The Riverside case is not isolated. Across Britain, high streets have wrestled with changing consumer habits, the rise of online shopping, and shifts in investment that favor out-of-town locations or new-build flats over traditional retail. In Evesham, the challenge is sharpened by a riverfront setting that once drew in shoppers with a sense of place but now struggles to convert footfall into sustainable business. The debate continues among residents, business owners, and policymakers about how to balance redevelopment with preserving a town’s heritage and providing affordable, livable spaces for residents.
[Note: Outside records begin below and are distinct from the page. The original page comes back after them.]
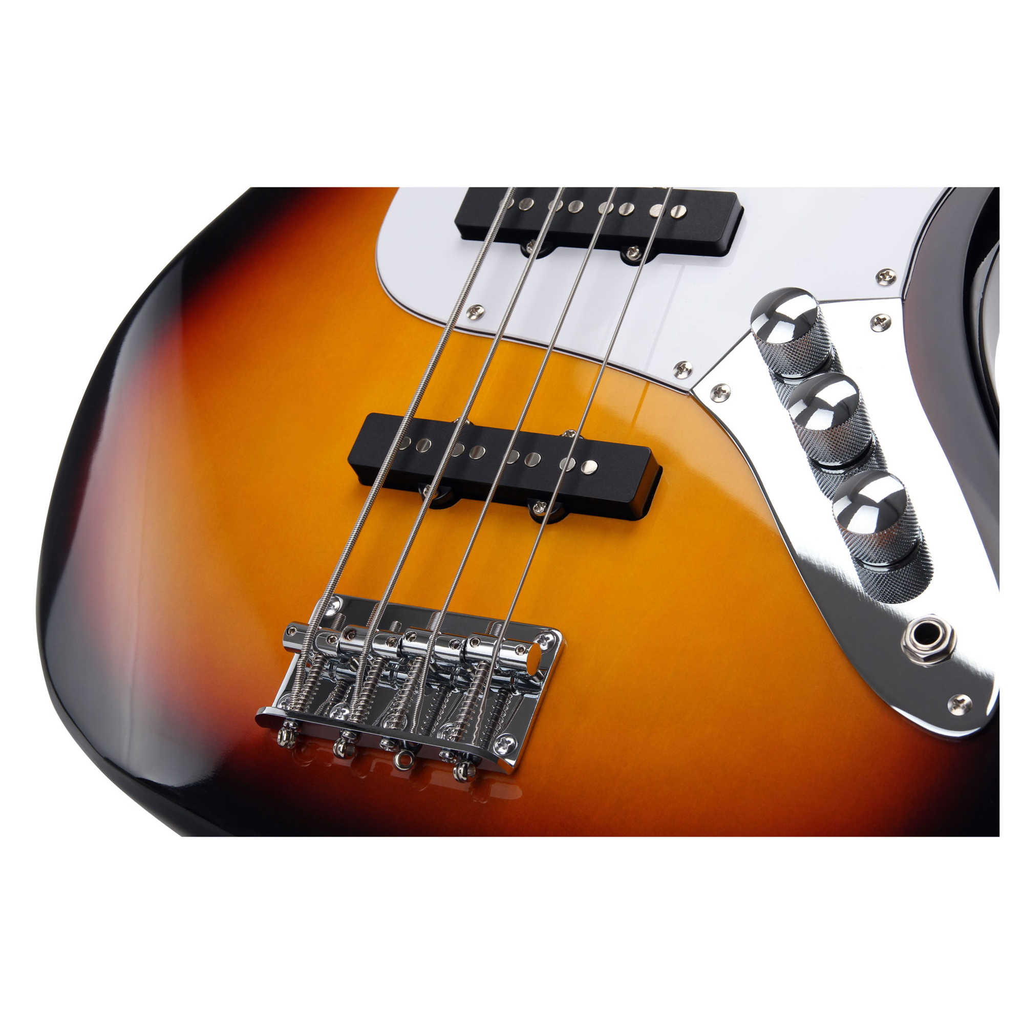 Der Rocktile E-Bass im klassischen Jazz Bass-Outfit und Sunburst Finish sieht nicht nur wunderschön aus, sondern hat auch in Sachen Soundvielfalt einiges zu bieten. Mit den zwei getrennten Volumereglern lassen sich die beiden Single-Coil Tonabnehmer separat zumischen und somit unterschiedlichste Soundvarianten abdecken. Mit dem Tone-Regler kannst Du weiter feinste Nuancen in Deinen Sound bringen.
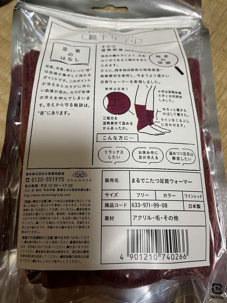 Product name: ☆☆靴下サプリ.まるでこたつ足首ウォーマー.フリー.ワインレッド☆☆ オカモト
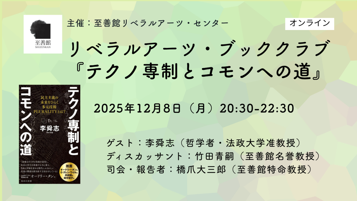 - 課題図書 李舜志『テクノ専制とコモンへの道』(集英社新書、2025年6月刊、1,080円+税)
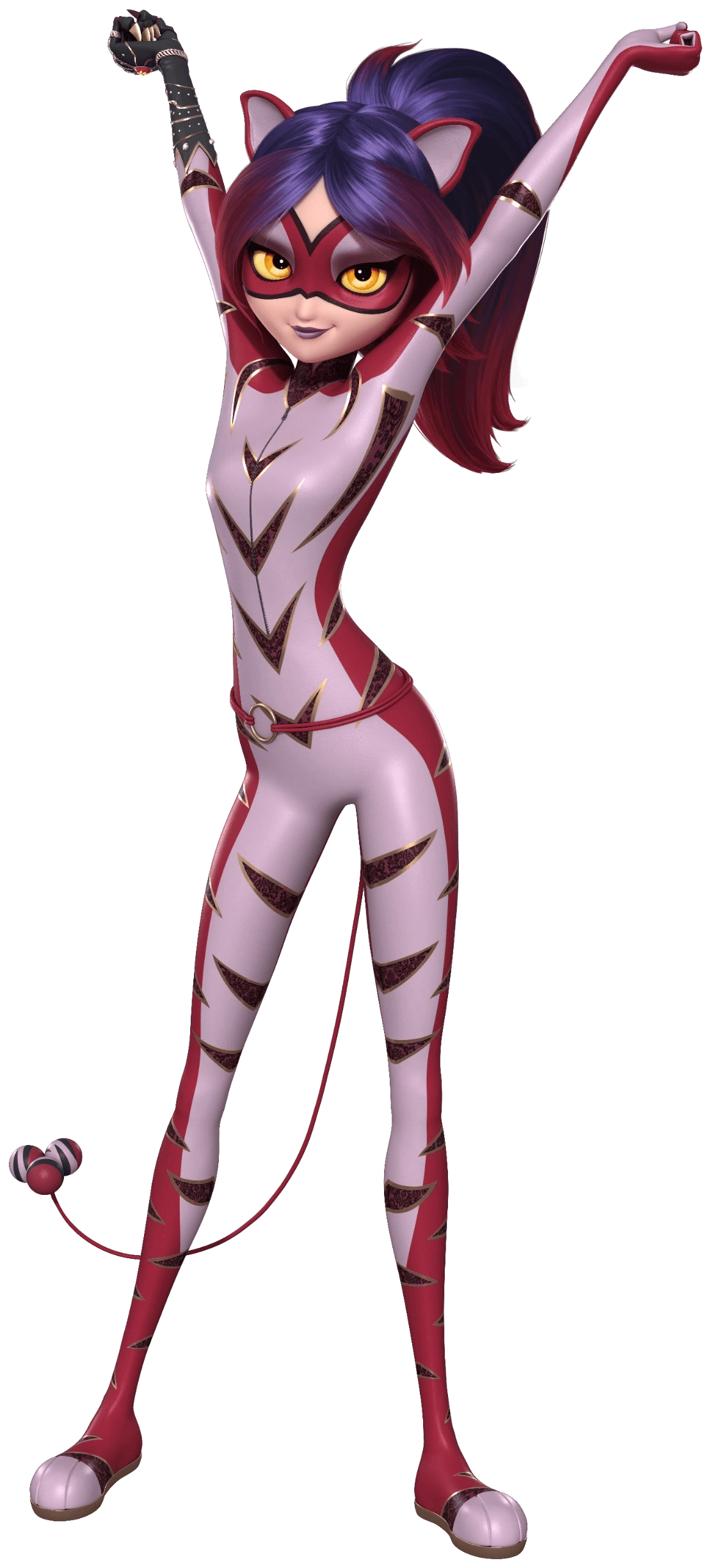 With the Tiger Miraculous, Juleka is able to turn into Purple Tigress, possessing enhanced skills such as strength, speed, agility and near-invulnerability.
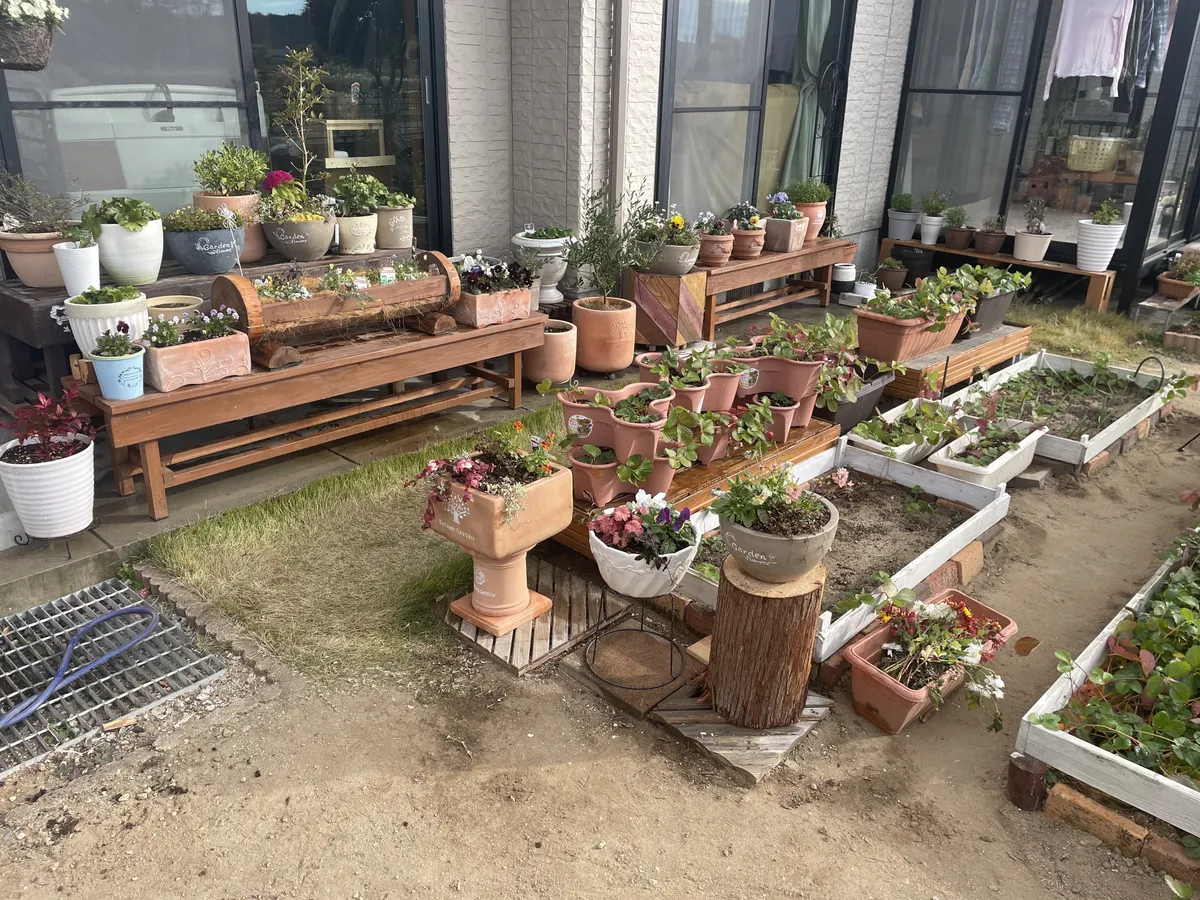 他の鉢をどかしてこちらの素焼き鉢だけのコーナーになってますね。
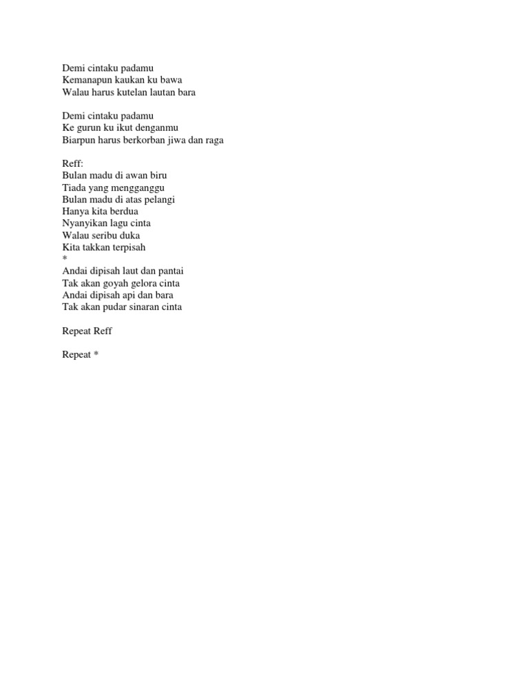 Bulan madu di awan biru Am Tiada yang mengganggu Dm G E Bulan madu diatas pelangi Am Hanya kita berdua Dm Nyanyikan lagu cinta B Walau seribu duka E Kita takkan. Bulan madu di awan biru. CHORDS USED Am E Dm B G Verse Am E Demi cintaku padamu Dm E Kemanapun kau kan ku bawa Dm B E Walaupun harus ku telan lautan bara Am E Demi cintaku padamu Dm E Ke gurun ku ikut denganmu Dm B E Biar pun.
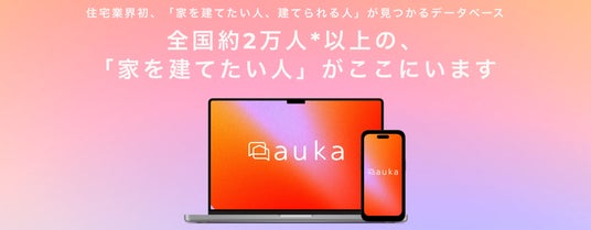 また、こうした現代の価値観にマッチする利便性の高い家づくりを推進するとともに、住宅メーカー・工務店様の集客や成約におけるビジネス課題を的確に捉え、全国約2万人*が登録する住宅業界向けユーザーデータベースでその解決を図ります。aukaのユーザーデータベースなら、あなたの会社にぴったりの顧客に絞ってアプローチすることが可能。成約率も顧客満足度も高い商談をご提案します。
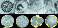 利用来自一部同步加速器的X射线,研究人员获得了死亡硫珠菌、死亡海胆胚胎,以及一些原始陡山沱化石的三维图像。他们在12月6日的英国《皇家学会学报B》上报告说,部分死亡和完全死亡的细菌图像看起来与著名的化石一点也不一样。首先,硫珠菌细胞在腐烂后变成了空球体,而陡山沱化石则表现出了大量内部结构的证据。

Even as some residents acknowledge the limits of nostalgia, there remains hope that the Riverside site can be reimagined in a way that preserves the town’s character while delivering practical value. For now, though, the Riverside Shopping Centre stands as a case study in what many analysts describe as a broader malaise gripping the country’s high streets: a complex mix of economic pressures, changing consumer behavior, and the long tail of past decisions about ownership, rents, and public investment. In Evesham, as in other towns, the clock may be ticking on a chapter of retail history, with the question not just what comes next, but who gets to decide what that next looks like.